Saturday, April 30, 2016

Photography Portfolio - "Don't Tempt Me"

So as the semester winds down, all my projects for photography are coming due. We have this big semester project that has to consist of multiple photographs with a common theme. My theme was vulnerability. As I took the photos and I started to edit them, I notice they had a dark over tone to it. If you know me personally, I am normally optimistic, but this project turned into a culmination of what went on in my head over the semester. Let me say this semester has kicked my butt. In this post, I am going to use the photos I used for my semester project and tie that into my past semester. The thing is that the big picture themes that I am touching on, I know that I am not the only one who struggles with these same issues.


The first photo that I am going to talk about is one that I labeled in my folder as "Don't Tempt Me." If I leave this photo up on my monitor and then leave, when I come back I have a mini panic attack when I see this photo. The gun is a photo of an actual gun, that I added a filter over. Then for this one photo, my model was looking right at the camera. All the other shots he never looked directly down the lens, but for this one he did. By breaking that fourth wall, it gives this sense, at least to me, that he is dead serious about pulling that trigger.

The thing is that when we shot this photo, there was no gun. We used a sheet of green cardboard, and I added the gun in later. The photo with the green screen looks a lot less threatening, because that green screen can literally be anything.

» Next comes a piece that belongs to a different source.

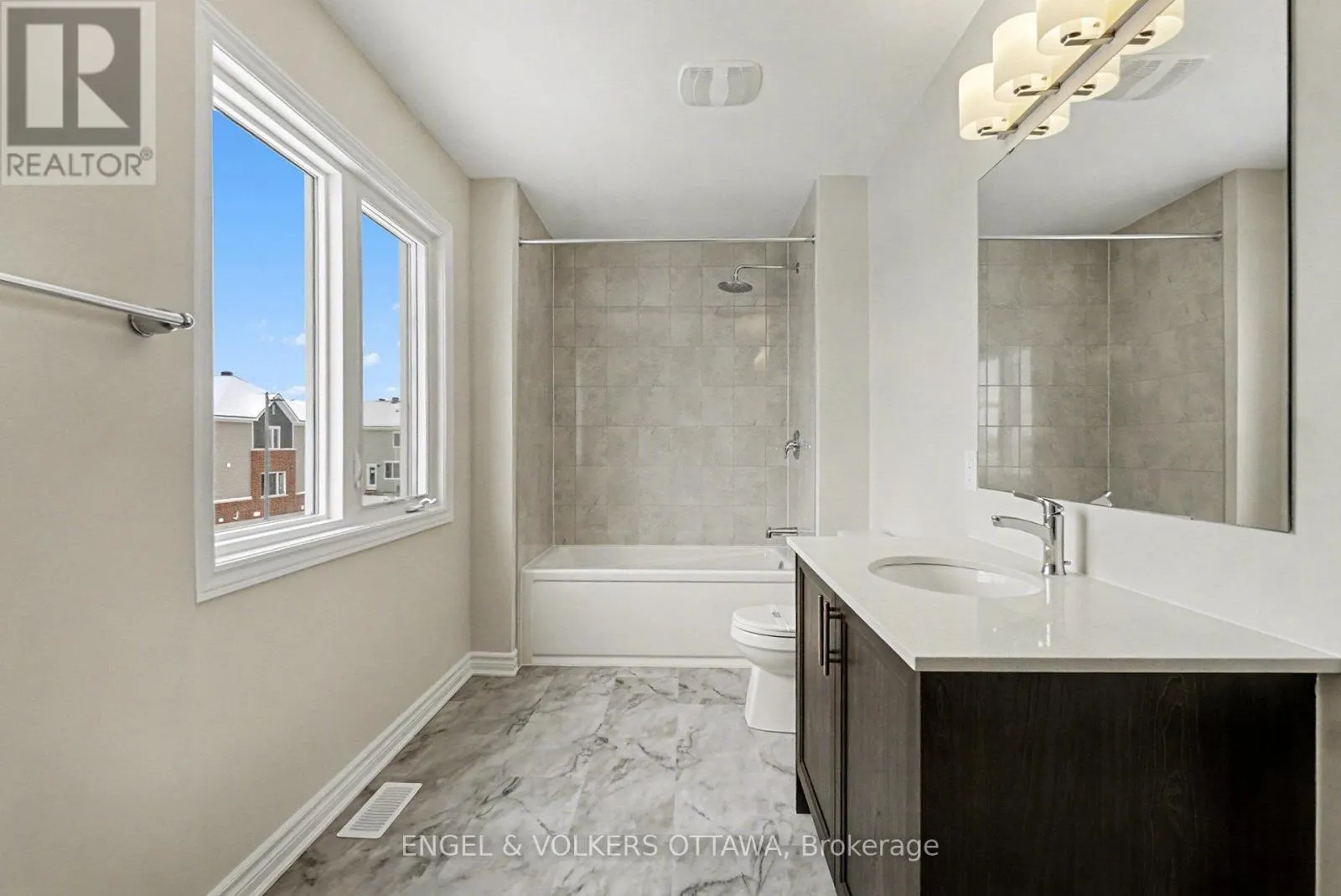 Cross Streets: Broadcast Ave & Ryan Reynolds Way. ** Directions: From Mer-Bleue Rd, turn onto Broadcast Ave, then Ryan Reynolds Way. This brand-new, modern, and meticulously designed end-unit townhome is in one of Orleans' fastest-growing and most sought-after communities, known for its vibrant and family-friendly feel, abundant green spaces, and convenient access to everyday amenities. The main level features a bright, open layout, beginning with the spacious living and dining areas - where wide-plank flooring, recessed lighting, and large windows create an inviting atmosphere with direct sightlines to the backyard. The kitchen features warm wood cabinetry, stainless-steel appliances, stone countertops, a generous peninsula with seating, and a tall window that illuminates the workspace. Upstairs, the primary bedroom is a cozy space to end your days, with soft carpeting, neutral tones, and an ensuite featuring a tub/shower, stone vanity, and a large window. Two additional bedrooms, each with large windows, plush carpeting, and flexible layouts, can accommodate children, guests, or your home office needs. The additional bedrooms share a 3-piece bathroom with a glass-enclosed shower and tile flooring. The finished lower level has a bright, versatile bedroom/recreation area with wide-plank flooring, multiple above-grade windows, and a full 4-piece bathroom with a tub/shower. This growing community has quick access to everyday essentials along Tenth Line and Innes Road, where residents can find grocery stores, cafés, restaurants, retail shops, fitness centres, and public transit connections. This never-lived-in-before awaits you! (id:27476)

Now as I have been showing my friends and teachers this photo, they are wondering why I added the filter to the gun, for it makes it look fake. My theme that I was going for is vulnerability. Majority of people aren't going to openly display their vulnerability. Many people my be holding that green screen outwardly, as if hiding their true intentions. Yet in their head, the thing the general populace can't see, is what is truly going on.


One point I want to get across with this photo, is taking time to understand someone. I never once wanted to commit suicide this semester, but I know people who have thought about killing themselves. On the outside, they look fine, yet once I really knew them, I could see some of the signs. Like how with the green screen, you can see him holding it like he might be holding a gun. The thing is that you need to get to know that person.


They could even be looking straight at you, indirectly telling you that they need help, but if you don't take time to know people, you can just keep glancing on by. The second greatest commandment, is to love your neighbor as yourself. To truly love your neighbor, you need to get to know them more than just what is on the outside. Love is not a surface level emotion, but it is something that penetrates deep with in. You have to get to know the person to reach that deep.


So I know that this didn't really talk about my semester, like I said I would in this post. But I wanted to establish the foundation on actually wanting to understand where a person is coming from, because other wise you are just going to be reading words, that have no meaning. I am going to continue to post periodically throughout the weekend on the other pictures I am using, and I encourage you to come back, and read them, and hopefully learn what it means to love a person for more than what is on the outside.


Dear Heavenly Father,
Thank you so much for the photography assignment, and the idea that came only from you, and for my model who did a wonderful job. I pray that this weekend, you speak through me what it truly means to love and care for someone, not just like in a dating relationship, but in any relationship, friendship, family, sibling, ect. Thank you for the medium of photography, and the arts in general as a way to communicate ideas where words fail. Amen.